TSU007 – Das Mysterium der sterbenden Sonderlinge

Ich freue mich über “Der Fremde im Palazzo d’Oro” von Paul Theroux, wundere mich über “Winters Garten” von Valerie Fritsch und lese “Am Ende schmeissen wir mit Gold” von Fabian Hischmann so weg.
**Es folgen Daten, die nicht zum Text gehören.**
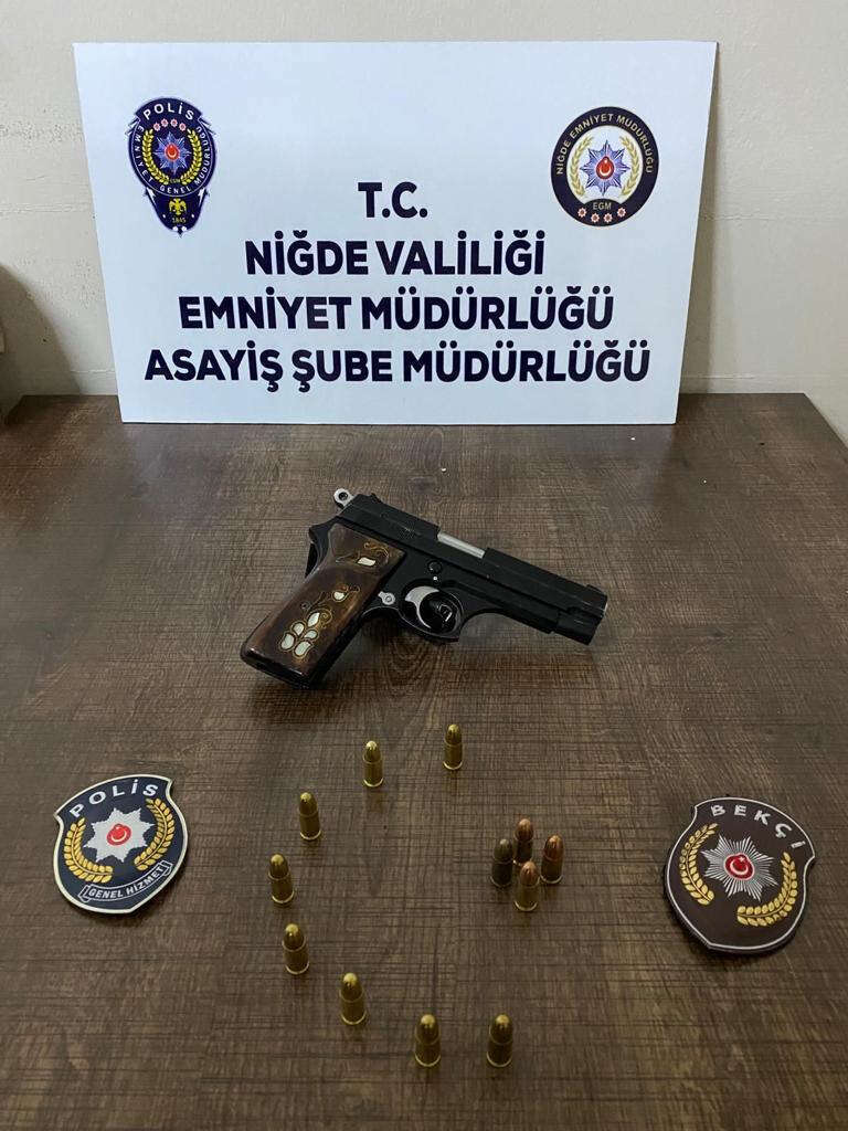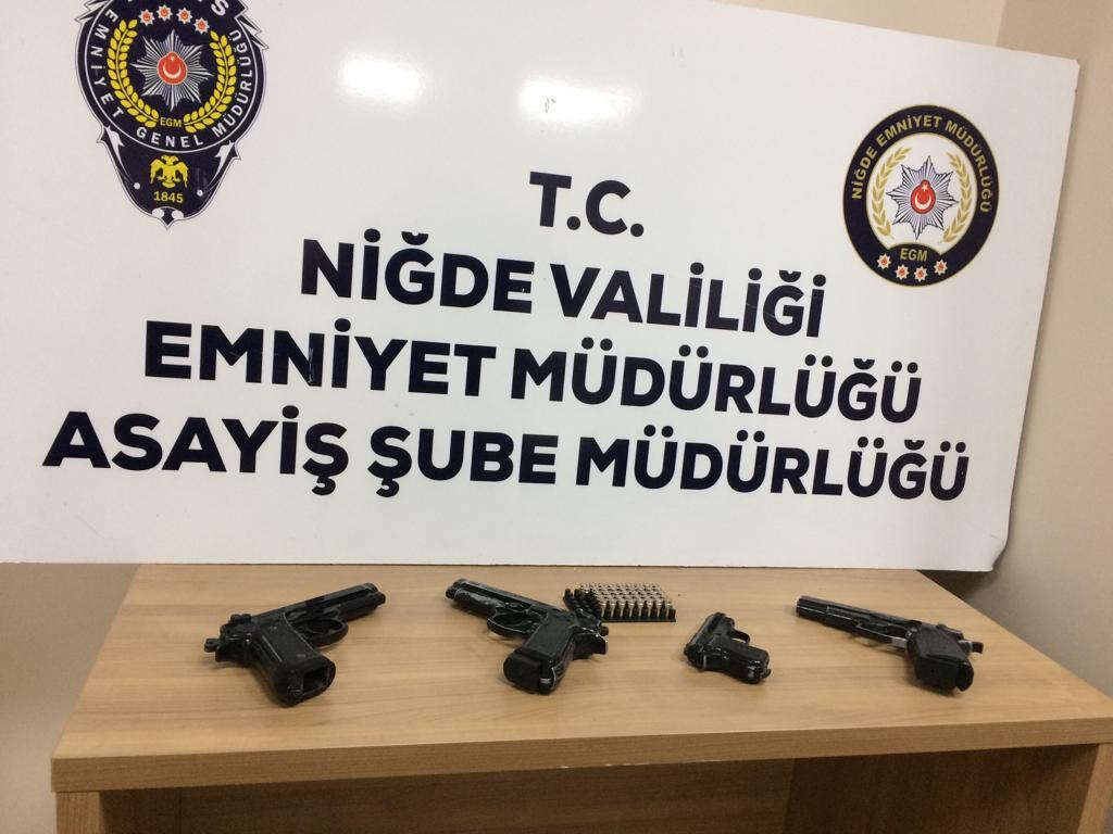 Niğde Asayiş Şube ekiplerinin yaptığı çalışmalarda 10 adet ruhsatsız tabanca, 3 adet tüfek, 2 adet bıçak, 1 adet balta, 1 adet satır, 1 adet muşta, 1 adet kelepçe, 92 adet fişet ele geçirildi.

Ein seltsam zeitloses Buch mit einem Sog, daß man es nicht weglegen will: Paul Teroux’ “Der Fremde im Palazzo d’Oro“, bei Hoffmann und Campe erschienen, liest sich exakt so, wie das leinengebundene Bändchen aussieht. Valerie Fritsch liest dieses Jahr in Klagenfurt, und ich bereite mich vor und lese ihren Roman “Winters Garten“, erschienen bei Suhrkamp. Ich lege “Alles, was draußen ist” von Saskia Hennig von Lange – bei Jung und Jung erschienen – vorerst weg, weil ich nicht noch jemandem beim Sterben zugucken will, Klagenfurtvorbereitung hin oder her. Deshalb ziehe ich Fabian Hischmann vor mit seinem poplockeren Roman “Am Ende schmeißen wir mit Gold“, im Berlin-Verlag. Nett, aber nix Besonderes.